* _Record excerpts_

--

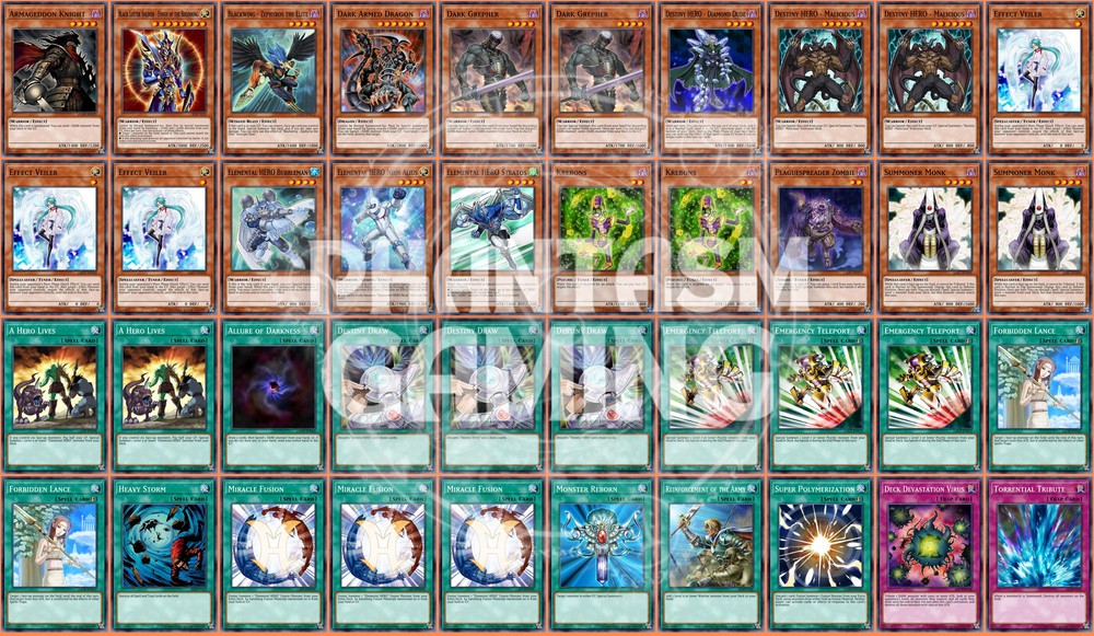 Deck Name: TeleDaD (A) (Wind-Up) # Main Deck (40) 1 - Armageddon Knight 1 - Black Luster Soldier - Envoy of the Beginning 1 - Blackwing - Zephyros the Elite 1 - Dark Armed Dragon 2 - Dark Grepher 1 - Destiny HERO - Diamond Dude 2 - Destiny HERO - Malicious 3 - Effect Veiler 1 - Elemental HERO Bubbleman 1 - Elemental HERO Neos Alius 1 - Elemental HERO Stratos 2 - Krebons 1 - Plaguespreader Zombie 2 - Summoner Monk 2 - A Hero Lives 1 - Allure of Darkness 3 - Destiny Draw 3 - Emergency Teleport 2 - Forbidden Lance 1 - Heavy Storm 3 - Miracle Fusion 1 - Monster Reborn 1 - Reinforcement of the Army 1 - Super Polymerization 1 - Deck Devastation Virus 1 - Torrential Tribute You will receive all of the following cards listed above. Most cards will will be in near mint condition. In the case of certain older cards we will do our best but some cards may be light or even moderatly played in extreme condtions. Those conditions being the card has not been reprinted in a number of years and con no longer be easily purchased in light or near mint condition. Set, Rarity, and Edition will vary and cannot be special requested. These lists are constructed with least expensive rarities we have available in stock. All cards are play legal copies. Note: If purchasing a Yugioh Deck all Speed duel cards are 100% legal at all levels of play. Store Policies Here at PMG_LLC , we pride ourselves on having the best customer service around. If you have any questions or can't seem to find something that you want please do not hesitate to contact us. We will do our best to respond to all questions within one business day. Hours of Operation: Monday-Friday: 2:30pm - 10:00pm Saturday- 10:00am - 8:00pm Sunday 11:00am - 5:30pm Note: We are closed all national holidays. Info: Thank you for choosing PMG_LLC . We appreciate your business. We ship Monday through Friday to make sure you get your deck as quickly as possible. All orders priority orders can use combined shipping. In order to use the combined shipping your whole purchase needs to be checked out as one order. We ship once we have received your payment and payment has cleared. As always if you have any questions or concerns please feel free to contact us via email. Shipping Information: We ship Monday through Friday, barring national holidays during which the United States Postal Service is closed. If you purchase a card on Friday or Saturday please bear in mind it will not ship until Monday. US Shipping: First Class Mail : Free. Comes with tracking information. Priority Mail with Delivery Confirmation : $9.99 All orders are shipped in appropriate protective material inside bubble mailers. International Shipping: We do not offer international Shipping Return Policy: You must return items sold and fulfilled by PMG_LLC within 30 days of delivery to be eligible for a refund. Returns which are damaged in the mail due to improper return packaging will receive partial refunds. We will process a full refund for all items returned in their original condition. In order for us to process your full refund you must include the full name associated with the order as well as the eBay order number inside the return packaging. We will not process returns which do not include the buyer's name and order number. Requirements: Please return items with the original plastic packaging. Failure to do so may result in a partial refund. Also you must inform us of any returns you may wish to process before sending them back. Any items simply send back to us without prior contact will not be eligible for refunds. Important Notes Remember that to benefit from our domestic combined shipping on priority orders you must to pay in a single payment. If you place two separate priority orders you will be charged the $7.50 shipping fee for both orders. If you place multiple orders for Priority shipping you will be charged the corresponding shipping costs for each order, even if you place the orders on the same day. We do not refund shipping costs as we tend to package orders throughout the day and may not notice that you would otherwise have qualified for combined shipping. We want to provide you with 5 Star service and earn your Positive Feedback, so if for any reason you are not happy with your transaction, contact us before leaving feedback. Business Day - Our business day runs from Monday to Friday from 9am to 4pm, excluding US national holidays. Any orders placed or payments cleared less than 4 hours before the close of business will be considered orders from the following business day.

--

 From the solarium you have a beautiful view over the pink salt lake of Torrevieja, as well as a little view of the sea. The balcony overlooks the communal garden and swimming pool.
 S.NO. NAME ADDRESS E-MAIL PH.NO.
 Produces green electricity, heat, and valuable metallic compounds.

--

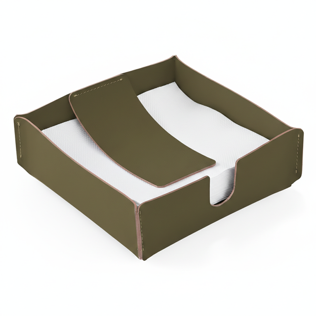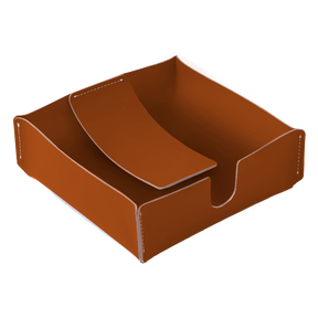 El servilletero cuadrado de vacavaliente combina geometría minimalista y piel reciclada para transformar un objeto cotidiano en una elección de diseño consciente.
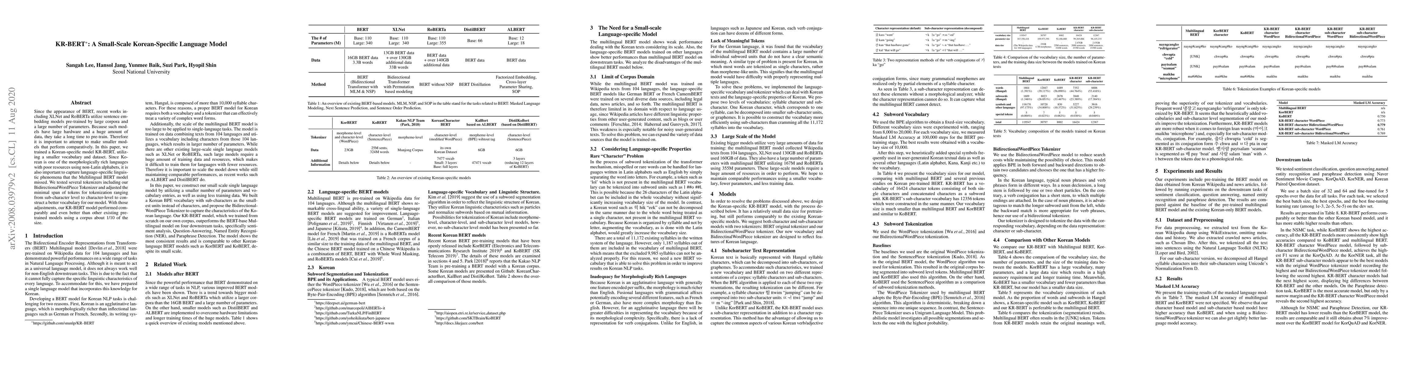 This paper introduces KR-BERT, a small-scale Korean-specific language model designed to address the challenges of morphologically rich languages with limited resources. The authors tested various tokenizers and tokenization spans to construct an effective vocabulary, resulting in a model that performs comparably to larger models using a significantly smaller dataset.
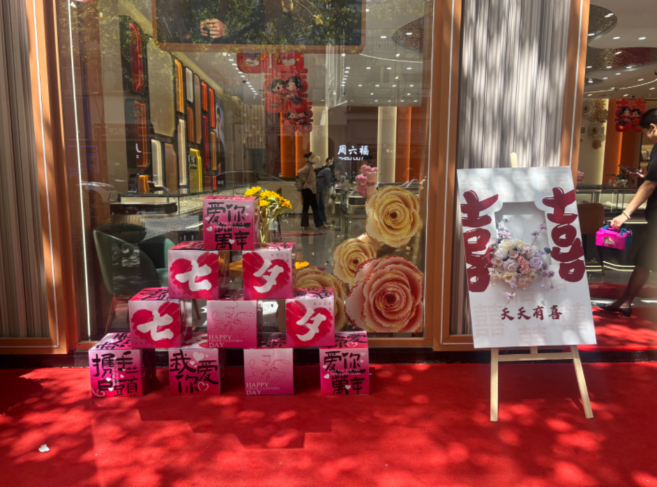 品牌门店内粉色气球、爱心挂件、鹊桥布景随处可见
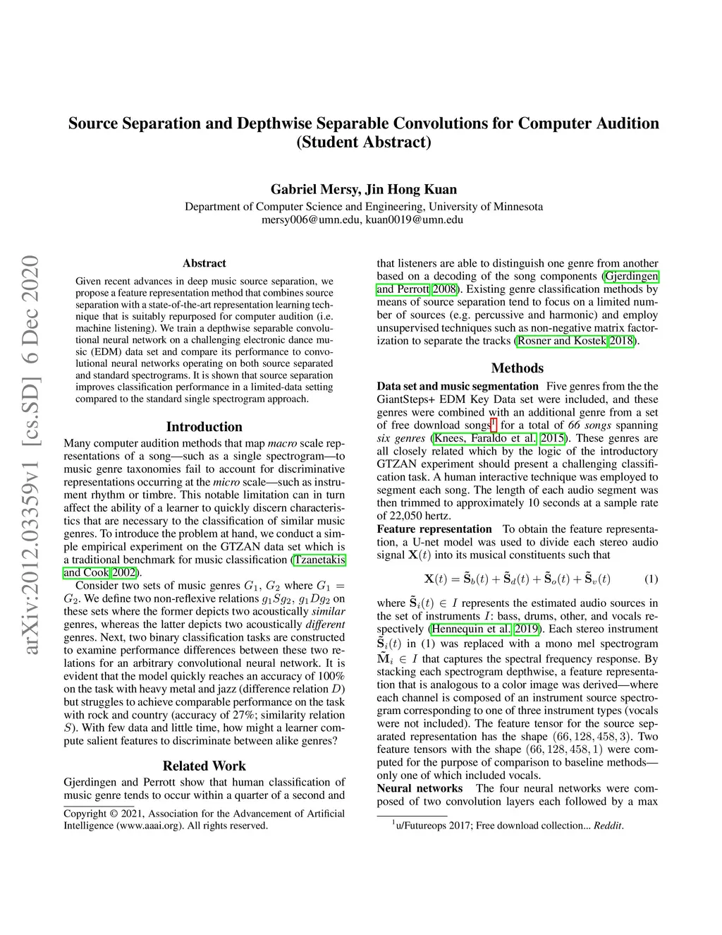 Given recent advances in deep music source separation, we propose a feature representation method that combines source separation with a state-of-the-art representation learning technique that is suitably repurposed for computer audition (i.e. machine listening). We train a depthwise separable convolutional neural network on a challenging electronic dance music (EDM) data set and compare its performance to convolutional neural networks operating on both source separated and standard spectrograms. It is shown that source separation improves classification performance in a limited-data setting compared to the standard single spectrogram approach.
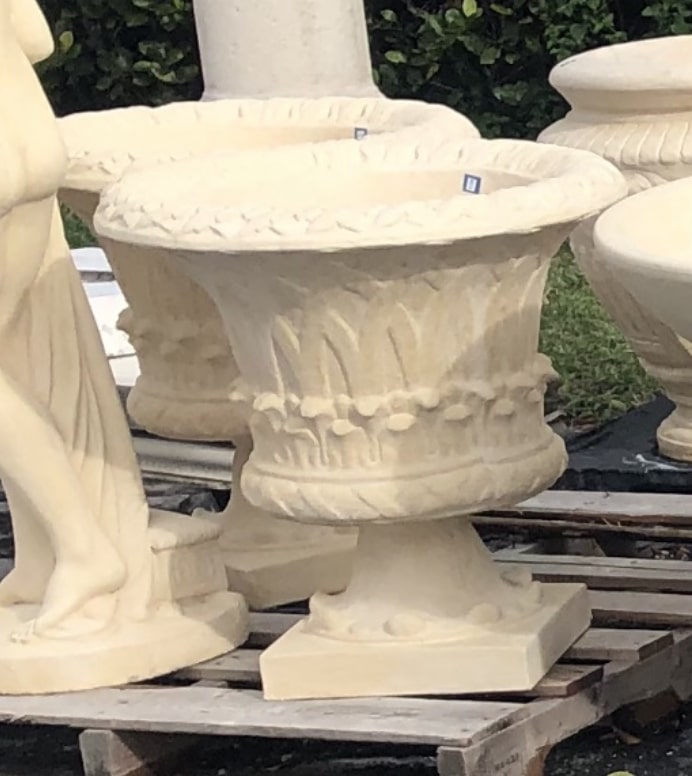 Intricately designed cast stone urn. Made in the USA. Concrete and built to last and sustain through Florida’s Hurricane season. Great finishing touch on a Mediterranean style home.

--

* _Exercise directions_
Word for word, restate the lines of the listing above starting at the line with "S.NO. NAME ADDRESS E-MAIL PH.NO." and ending at the line with "Produces green electricity, heat, and", and nothing outside them.

* _Answer to this problem_
 S.NO. NAME ADDRESS E-MAIL PH.NO.
 Produces green electricity, heat, and valuable metallic compounds.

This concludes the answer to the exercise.